Using health information technology for SUD recovery
Health information technology is a vehicle for improving health outcomes through patient-centered communication mechanisms.11 Health-related smartphone applications (apps) have become ubiquitous in a short time.12 The most popular apps offer features, such as behavior tracking, social support, goal setting, and access to suggestions on improving performance, which may be effective for addressing SUDs.13,14 However, few apps offer all features or have a theoretical basis and clinical trial-based evidence for the features they include.15,16
SUD counseling generally occurs in an office setting separate from the daily environment that might precipitate relapse. Mobile phones offer an opportunity to support desired behavior change as never before, taking counseling out of the office and into everyday activities. Mobile apps have been proposed to reinforce skills learned in treatment, provide immediate access to social or professional support, and increase motivation.17–19 These may also help the user by tracking moods, behaviors, and risk factors, such as location, or protective factors, such as self-help group attendance.
A-CHESS
A-CHESS20,21 is a smartphone app (Fig. 1) developed specifically to help people with SUDs achieve and maintain recovery. To our knowledge, it is the only mobile app designed to address SUDs that has been demonstrated as effective in a randomized clinical trial so far.22 Self-determination theory (SDT)23 provided the basis for creating a suite of tools for interrupting the substance use relapse process as described by Marlatt and George.24 SDT is a theory of motivation to act or change. A-CHESS tools are designed to address the three conditions that SDT posits to foster positive behavior change: autonomous motivation [AM], competence in disease management (coping competence [CC]), and relatedness (RE) via social support. The tools are offered as needed to either maintain a drug-free lifestyle or interrupt the relapse process and prevent further harm.

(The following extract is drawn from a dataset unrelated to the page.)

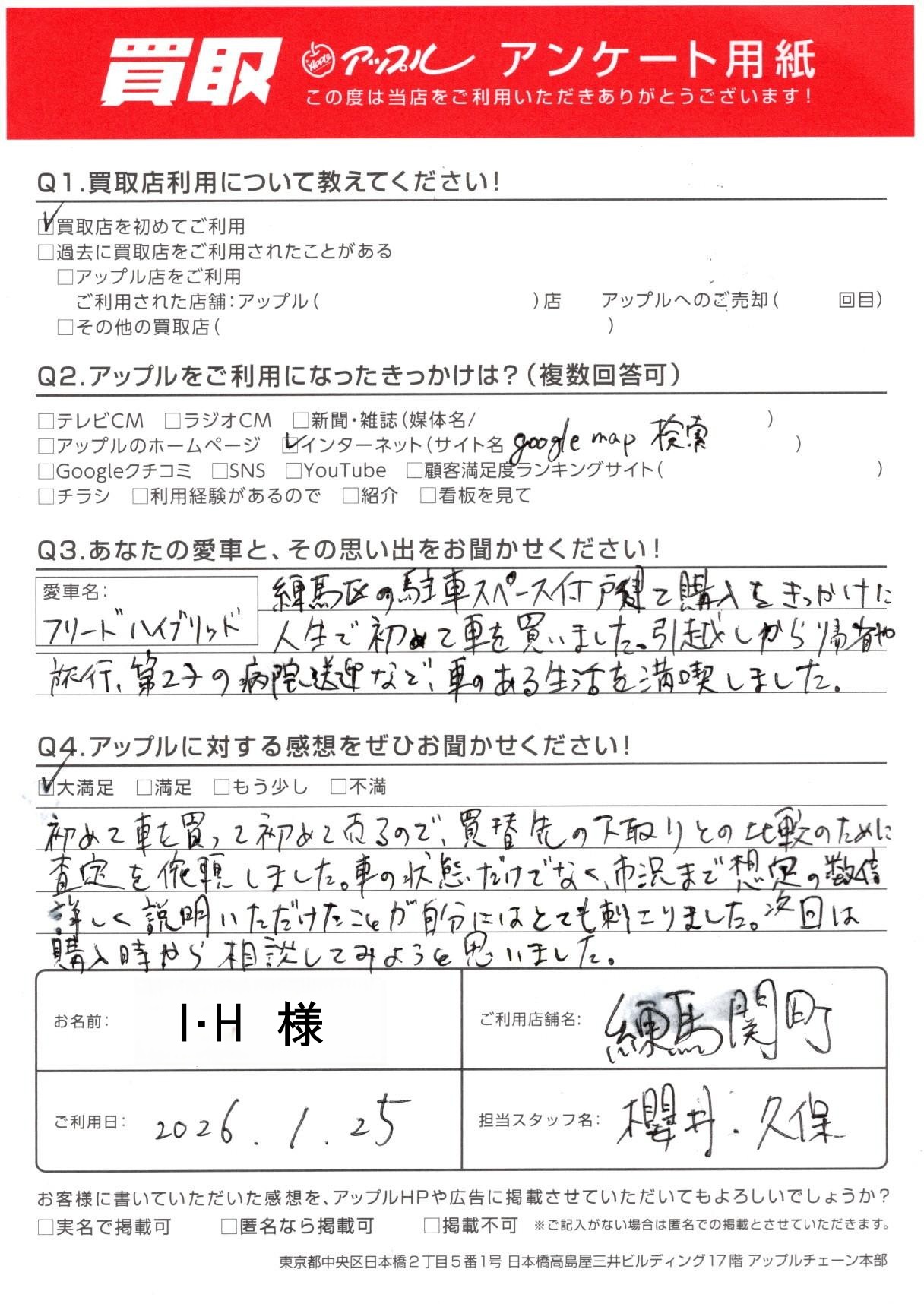 お車:フリードハイブリッド Q.愛車との思い出は?練馬区の駐車スペース付戸建て購入をきっかけに人生で初めて車を買いました。引越しから帰省や旅行、第2子の病院送迎など、車のある生活を満喫しました。 Q.アップルの感想は?A.大満足:初めて車を買って初めて売るので、買替先の下取りとの比較のために査定を依頼しました。車の状態だけでなく、市況まで想定の数倍詳しく説明いただけたことが自分にはとても刺さりました。次回は購入時から相談してみようと思いました。

A-CHESS tools include information services, such as recovery information, a self-help meetings list, news about substance use and recovery, activities such as games, guided relaxation recordings and podcasts about recovery, interactive communication, such as messaging and discussion boards, and assessment and feedback tools, such as the high-risk locator and the weekly survey based on the brief addiction monitor.25 Additionally, study participants received two instant messages per day: a “thought for the day,” which was designed to be motivational, and another that was designed to elicit use of the mobile app. This message asked the participant whether they could get through the day without using and directed them to the app or professional support in the event of a negative response.

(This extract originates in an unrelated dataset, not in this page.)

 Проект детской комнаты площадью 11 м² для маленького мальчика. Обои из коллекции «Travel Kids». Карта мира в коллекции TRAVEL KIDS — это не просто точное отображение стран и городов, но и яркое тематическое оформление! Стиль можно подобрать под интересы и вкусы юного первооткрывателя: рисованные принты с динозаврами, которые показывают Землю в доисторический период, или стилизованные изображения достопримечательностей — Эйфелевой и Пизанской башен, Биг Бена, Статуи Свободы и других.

Each tool within the app is designed to enhance motivation (thought for the day and feedback from survey and risk locator), provide skills or remind participants of skills they have learned in treatment (stories, recovery info, ask an expert, and news) or use skills (meetings, games, and easing distress) to increase competence, and quickly access social support and further develop RE within an online recovering community (my messages, discussions, and support team) based on the constructs of SDT. The version of the app used in this study was modified slightly from the version used in the clinical trial26 by adding more information on drug abuse in the recovery information and newsfeed sections.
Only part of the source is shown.